RECORDS FOR PROCESSING -
□ □ □ □ □

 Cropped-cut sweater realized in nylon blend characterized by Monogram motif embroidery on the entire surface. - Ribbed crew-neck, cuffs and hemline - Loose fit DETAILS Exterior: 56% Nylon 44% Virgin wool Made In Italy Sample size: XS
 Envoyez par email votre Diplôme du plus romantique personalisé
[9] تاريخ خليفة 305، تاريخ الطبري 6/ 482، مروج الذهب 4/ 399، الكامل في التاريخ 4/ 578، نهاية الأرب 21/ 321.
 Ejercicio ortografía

□ □ □ □ □

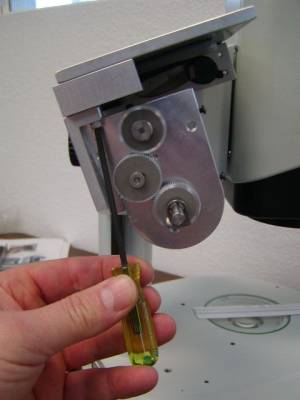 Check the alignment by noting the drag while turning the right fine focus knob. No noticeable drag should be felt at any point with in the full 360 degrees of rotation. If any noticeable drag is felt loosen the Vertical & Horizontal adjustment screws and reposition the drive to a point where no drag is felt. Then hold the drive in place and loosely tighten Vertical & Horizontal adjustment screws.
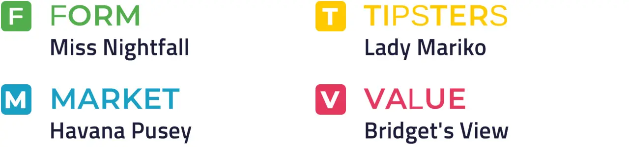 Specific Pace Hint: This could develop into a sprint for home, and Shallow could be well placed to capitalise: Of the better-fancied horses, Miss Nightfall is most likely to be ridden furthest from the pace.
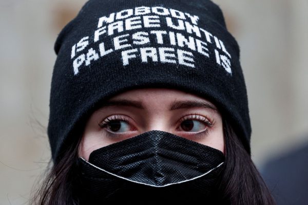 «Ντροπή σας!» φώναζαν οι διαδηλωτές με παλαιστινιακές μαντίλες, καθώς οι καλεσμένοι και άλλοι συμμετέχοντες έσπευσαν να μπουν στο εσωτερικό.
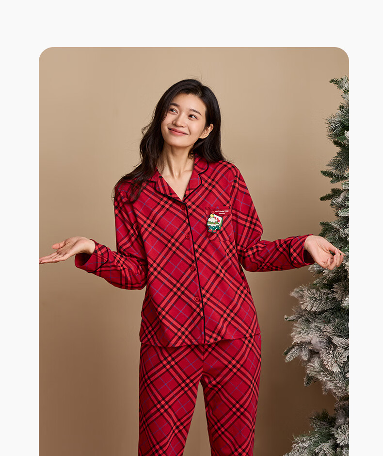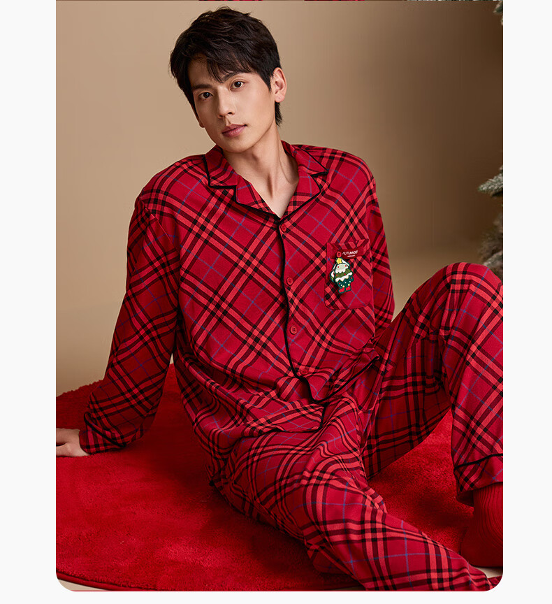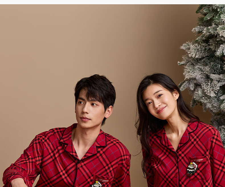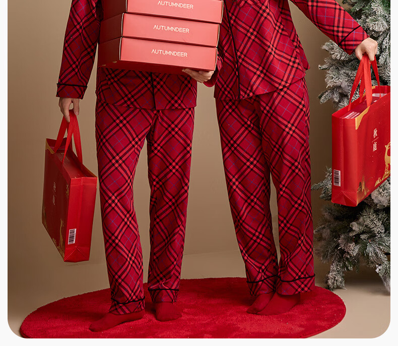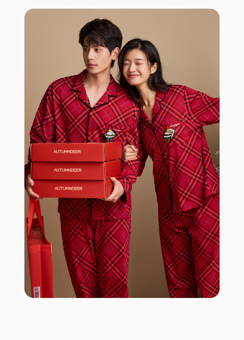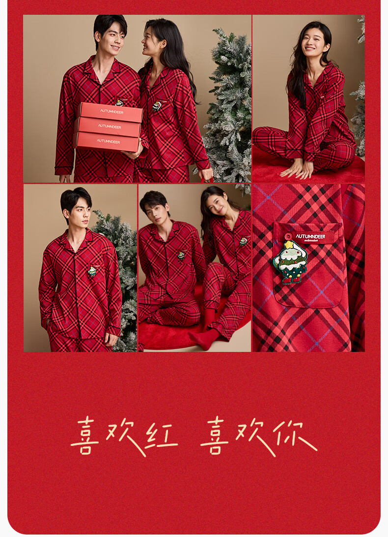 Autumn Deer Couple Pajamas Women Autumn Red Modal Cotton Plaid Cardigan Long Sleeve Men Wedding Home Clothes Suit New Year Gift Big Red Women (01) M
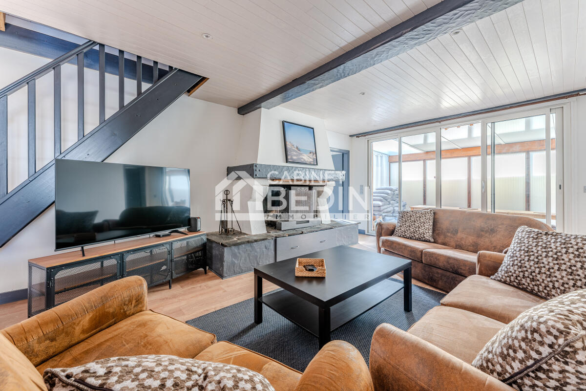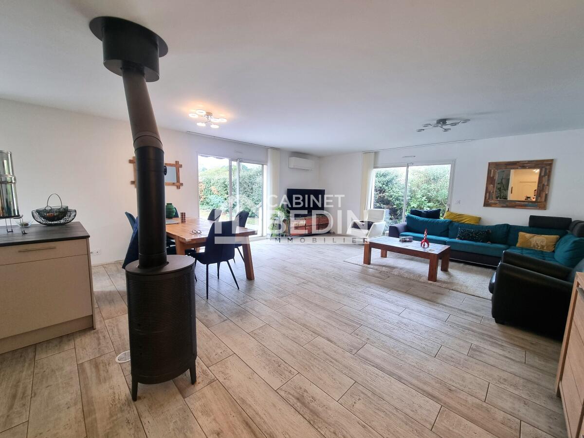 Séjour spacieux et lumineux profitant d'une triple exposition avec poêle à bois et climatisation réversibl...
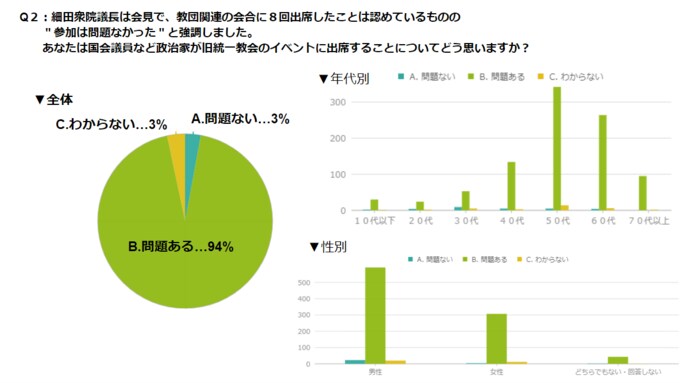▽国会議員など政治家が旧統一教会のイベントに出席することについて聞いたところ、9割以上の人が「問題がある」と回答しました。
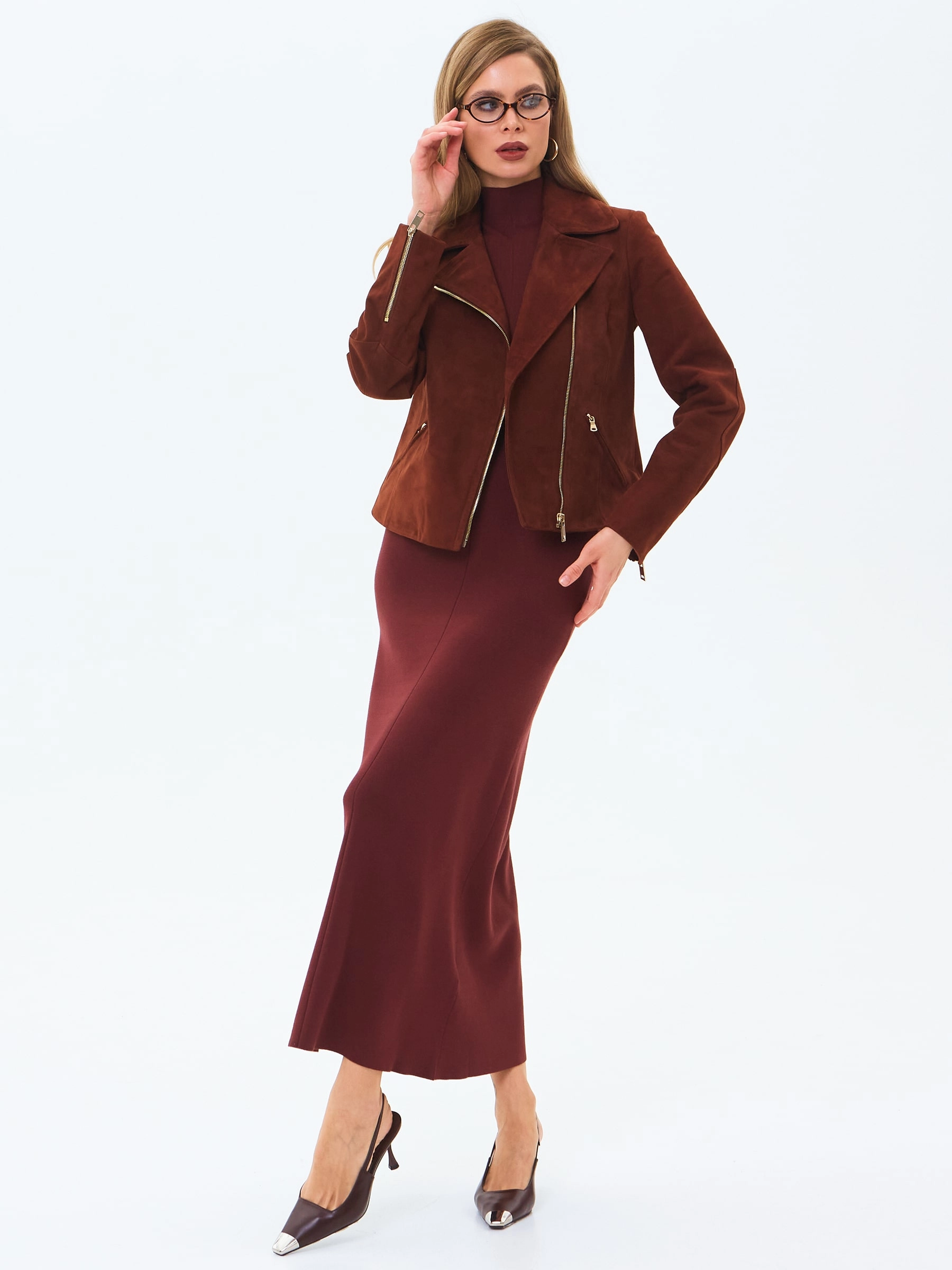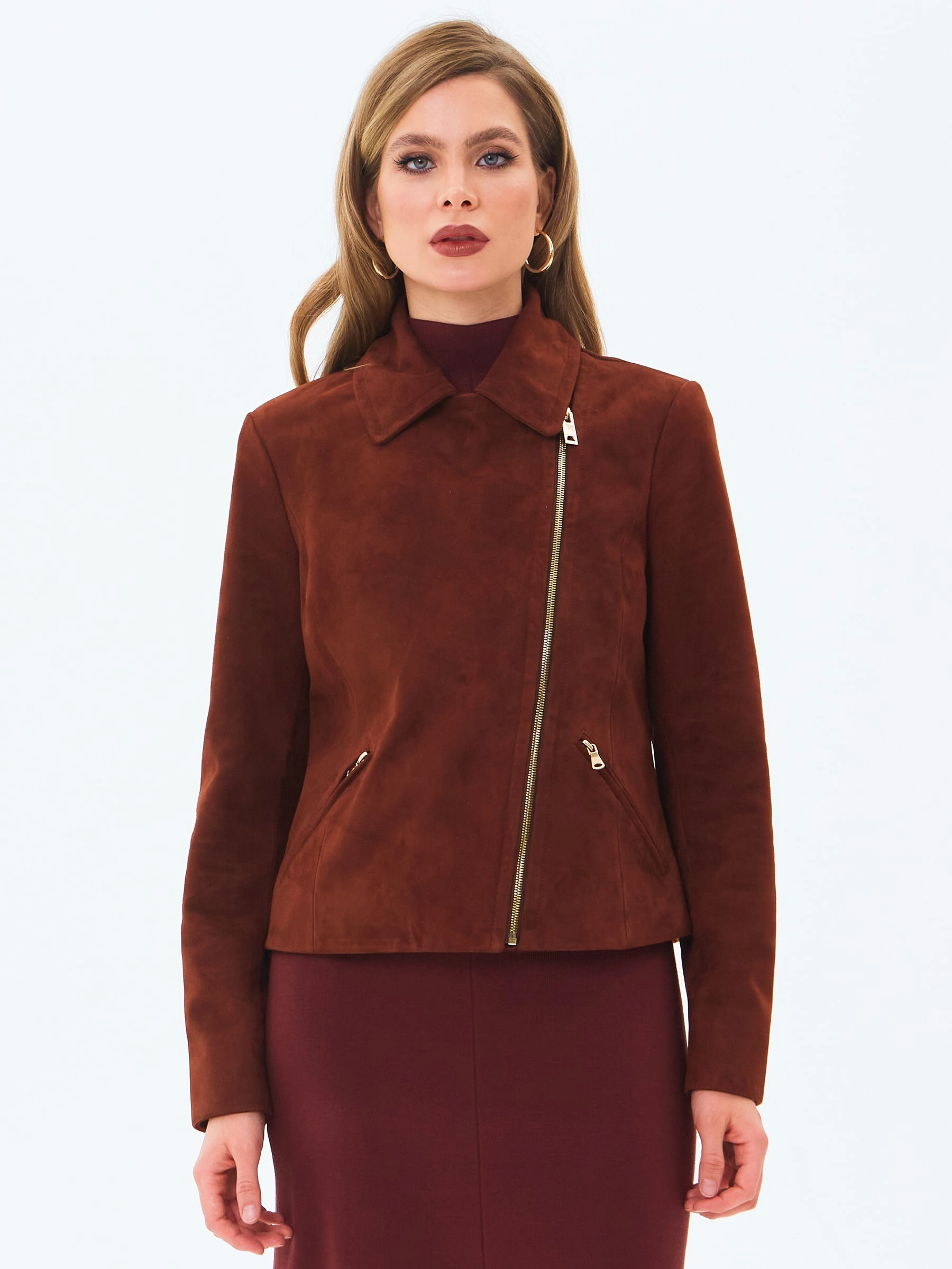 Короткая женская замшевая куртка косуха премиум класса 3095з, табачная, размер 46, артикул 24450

□ □ □ □ □

WORK TO BE COMPLETED - The listing above holds a line with "Envoyez par email" and a line with "Ejercicio ortografía". Print the stretch from the first through the second, exactly and alone.

SOLUTION TO THE EXERCISE -
 Envoyez par email votre Diplôme du plus romantique personalisé
[9] تاريخ خليفة 305، تاريخ الطبري 6/ 482، مروج الذهب 4/ 399، الكامل في التاريخ 4/ 578، نهاية الأرب 21/ 321.
 Ejercicio ortografía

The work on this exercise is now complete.